Frictionless Bananas

Team name: Frictionless Bananas
Team members: Jeremy Sawicki (jeremy at sawicki dot us)
Code: submission.tar.gz (authorization token removed from the code)
Data: myproblems.json, status.json

The Frictionless Bananas had only one team member this year. This page describes my 2013 ICFP Programming Contest entry.

Implementation

My solution was written in C++. I used Jansson for JSON manipulation and libcurl for server communication.

Representation

I represented a program as a sequence of operations in postfix order, which can be evaluated using a stack. For example, the zero operation pushes the number 0 onto the stack and the plus operation adds the top two values on the stack and places the result on the stack. The fold operation invokes a loop that executes a second sequence of operations representing the lambda body.

Generation

The core of my program is a program generator that enumerates all programs of a given size using only operations in a given set. For each generated program, it invokes a callback function (an std::function<> object, typically a lambda expression provided by the caller).

My initial implementation generated the sequence of operations in postfix order, choosing the first operation and then calling itself recursively to choose the rest. I used that implementation for the lightning round, but it ultimately proved difficult to work with.
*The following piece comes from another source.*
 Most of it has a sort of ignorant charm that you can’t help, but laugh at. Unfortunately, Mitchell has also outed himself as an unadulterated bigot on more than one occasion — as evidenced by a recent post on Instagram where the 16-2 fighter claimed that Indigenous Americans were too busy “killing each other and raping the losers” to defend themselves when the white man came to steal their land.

It required awkward logic to avoid pushing more values onto the stack than can be consumed by the remaining operations, and it was not clear how to extend it to prune the search by prohibiting certain combinations of operations.

My final implementation works top-down, choosing the top-level operation and the sizes of each subexpession and then recursively generating subexpressions of the chosen sizes. To support operations with more than one subexpression, I used continuation passing style. The program generator calls itself recursively to generate one subexpression, passing a continuation (a lambda expression) to generate the next subexpression. It was strange to see so many functional programming concepts like lambda expressions and continuations appearing in C++ code.

Counting

I also implemented a routine to quickly compute the number of programs for a given size and operation set. It uses a dynamic programming algorithm that builds a table of program counts for each size in increasing order. When I started pruning the search space by prohibiting certain combinations of operations, I added additional dimensions to the table to represent the fact that different sets of expressions are permitted depending on the context in which the expression appears.
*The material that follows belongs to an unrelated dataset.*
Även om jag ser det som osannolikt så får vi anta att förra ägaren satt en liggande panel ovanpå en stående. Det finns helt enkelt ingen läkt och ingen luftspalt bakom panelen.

Having an accurate program count is useful for several reasons. For one thing, it provides a useful estimate of the difficulty of a given problem. More importantly, the program generator is able to use the counts to generate a subset of the possible programs corresponding to an arbitrary range of indices, efficiently skipping parts of the search space and knowing exactly how many programs were skipped. I used that capability to generate arguments to commutative binary operators in only one of two possible orders. After an expression of index k is chosen for the left subexpression, the search for the right subexpression is restricted to indices greater than k. Another possible use is to divide the search space into equal sized pieces for parallelization, but I never took advantage of that possibility.

Strategy

I used a relatively simple approach. My program solves problems in real time, first submitting an initial set of inputs to evaluate and then generating and testing as many candidate programs as possible until a correct solution is found or time runs out. I did not precompute anything ahead of time, and I only used a single CPU core for computations. I chose to focus my efforts on improving the set of generated programs rather than utilizing more computing resources.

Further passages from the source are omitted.